From: Jay Lan <jlan@sgi.com>
To: linux-ia64@vger.kernel.org
Subject: Re: [Patch] min_low_pfn and max_low_pfn calcultion fix
Date: Wed, 28 Feb 2007 01:48:50 +0000 [thread overview]
Message-ID: <45E4DF82.7020700@sgi.com> (raw)
In-Reply-To: <1172619535.20006.334.camel@linux-znh>
This fixed my problem on SN.
Acked-by: Jay Lan <jlan@sgi.com>
Zou Nan hai wrote:
> Hi,
> We have seen bad_pte_print when testing crashdump on an SN machine in
> recent 2.6.20 kernel.
> There are tons of bad pte print (pfn < max_low_pfn) reports when the
> crash kernel boots up, all those reported bad pages are inside initmem
> range;
> That is because if the crash kernel code and data happens to be at the
> beginning of the 1st node. build_node_maps in discontig.c will bypass
> reserved regions with filter_rsvd_memory. Since min_low_pfn is
> calculated in build_node_map, so in this case, min_low_pfn will be
> greater than kernel code and data.
>
> Because pages inside initmem are freed and reused later, we saw
> pfn_valid check fail on those pages.
>
> I think this theoretically happen on a normal kernel. When I check
> min_low_pfn and max_low_pfn calculation in contig.c and discontig.c.
> I found more issues than this.
>
> 1. min_low_pfn and max_low_pfn calculation is inconsistent between
> contig.c and discontig.c,
> min_low_pfn is calculated as the first page number of boot memmap in
> contig.c (Why? Though this may work at the most of the time, I don't
> think it is the right logic). It is calculated as the lowest physical
> memory page number bypass reserved regions in discontig.c.

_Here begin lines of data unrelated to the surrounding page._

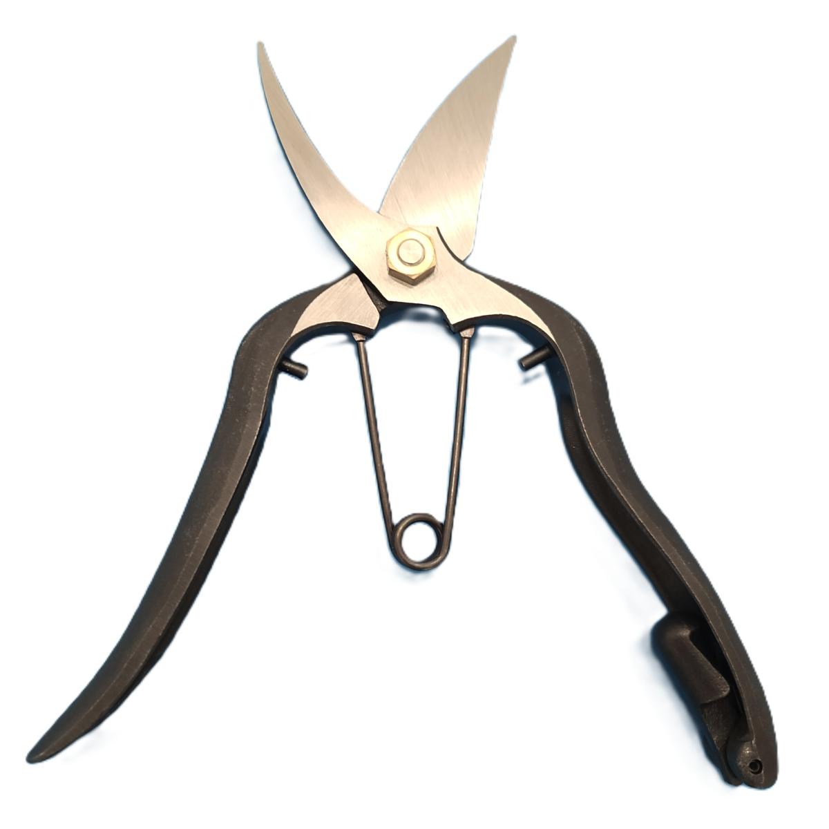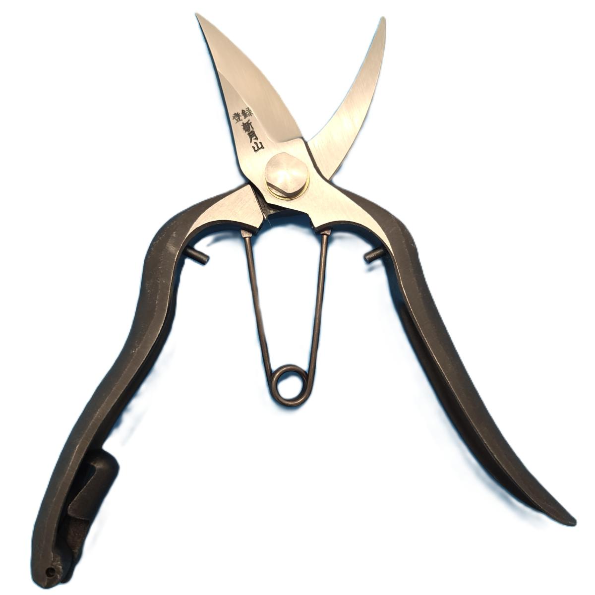 Sécateur japonais traditionnel en acier carbone de marque SHINGASAN, très léger et acéré. Angle B. Longueur 185 mm pour les petites mains (existe aussi en version 200 et 225 mm avec des lames plus classiques).
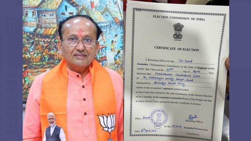 BJP's Mukesh Dalal was declared the winner without a single vote having to be polled, after all the other eight candidates in the fray withdrew.
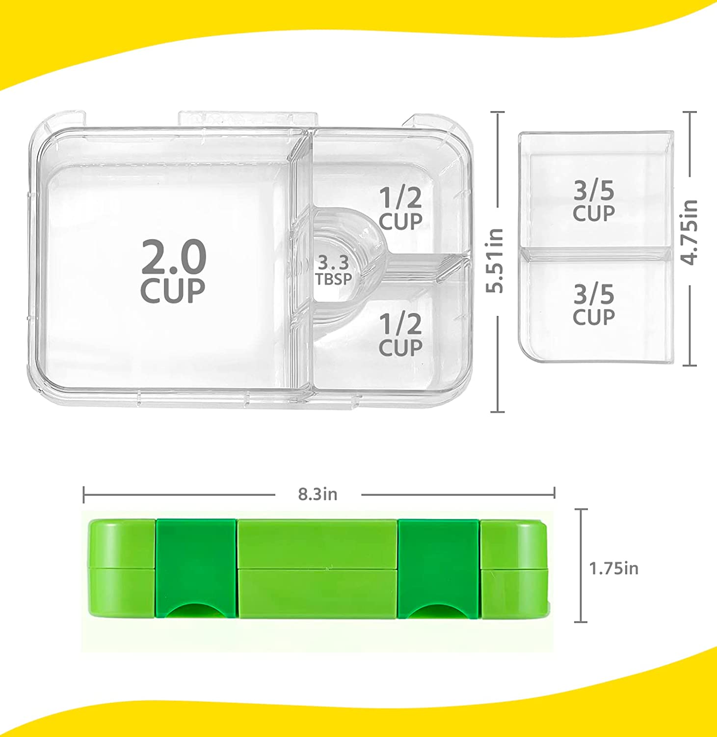 - Six 1/2 cup of portions (approximately 2.75 cups) of the key food groups plus dip/treat well.
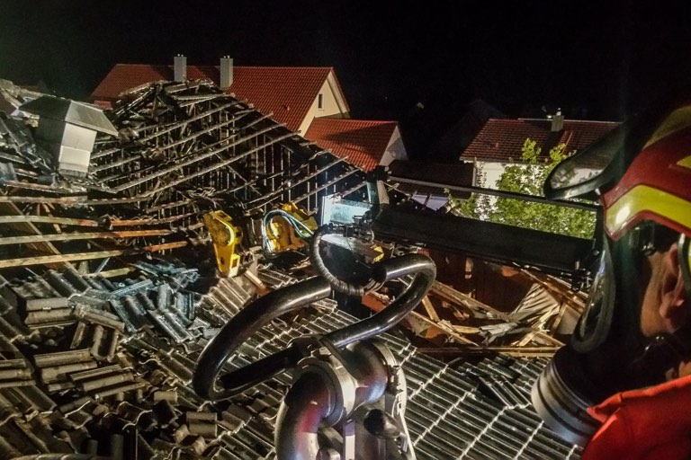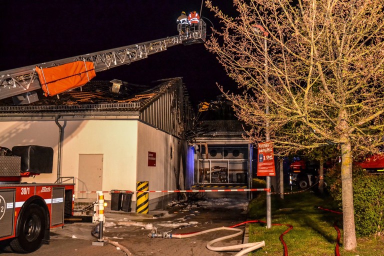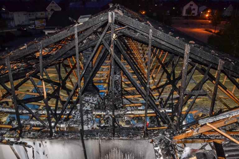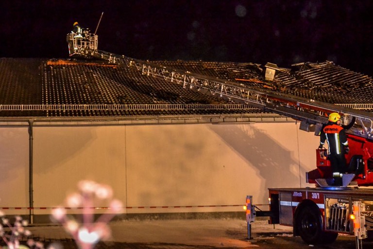 Insbesondere sei das Dach des Gebäudes von den Flammen erfasst worden; Teile der Konstruktion stürzten ein. Der durch das Feuer angerichtete Schaden wird in einer ersten Schätzung auf eine Größenordnung um 200 000 Euro beziffert.
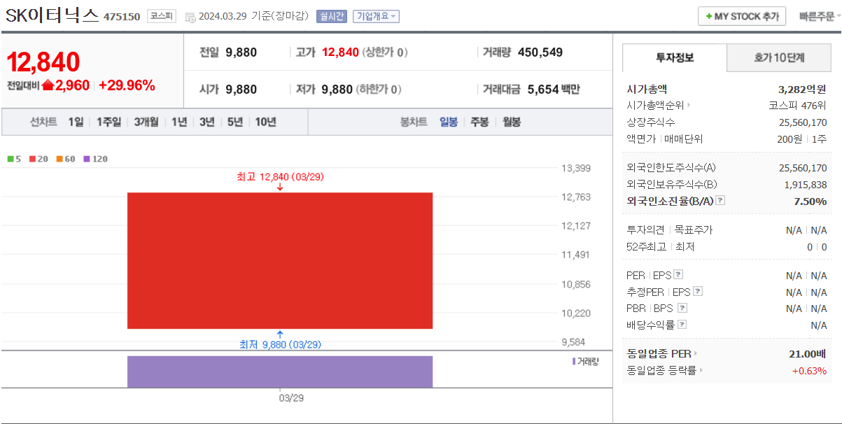 차트는 오늘 하루라서 분석은 어렵고 상장주식수 대비 오늘 적은 거래량과 함께 상한가 마감이
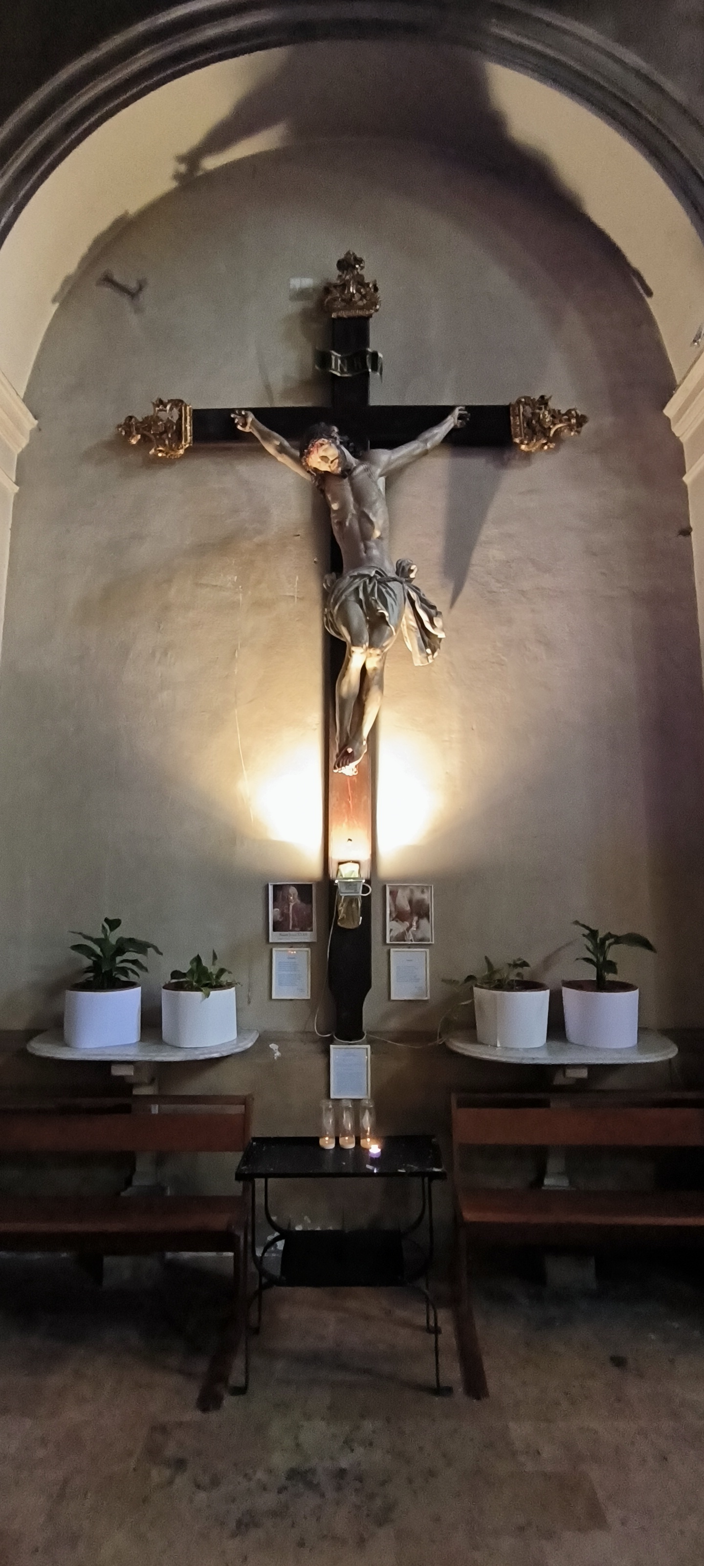En entrant dans l eglise sur le cote droit il y a le Christ mort sur la Croix une tres grande souffrance que la mort du fils de Dieu .heureusement 3 jours apres le miracle de la resurrection. Cette eglise meriterai d etre renove

> max_low_pfn is calculated include reserved regions in contig.c. It is
> calculated exclude reserved regions in discontig.c.
>
> 2. If kernel code and data region is happen to be at the begin or the
> end of physical memory, when min_low_pfn and max_low_pfn calculation is
> bypassed kernel code and data, pages in initmem will report bad.
>
> 3. initrd is also in reserved regions, if it is at the begin or at the
> end of physical memory, kernel will refuse to reuse the memory. Because
> the virt_addr_valid check in free_initrd_mem.
>
> So it is better to fix and clean up those issues.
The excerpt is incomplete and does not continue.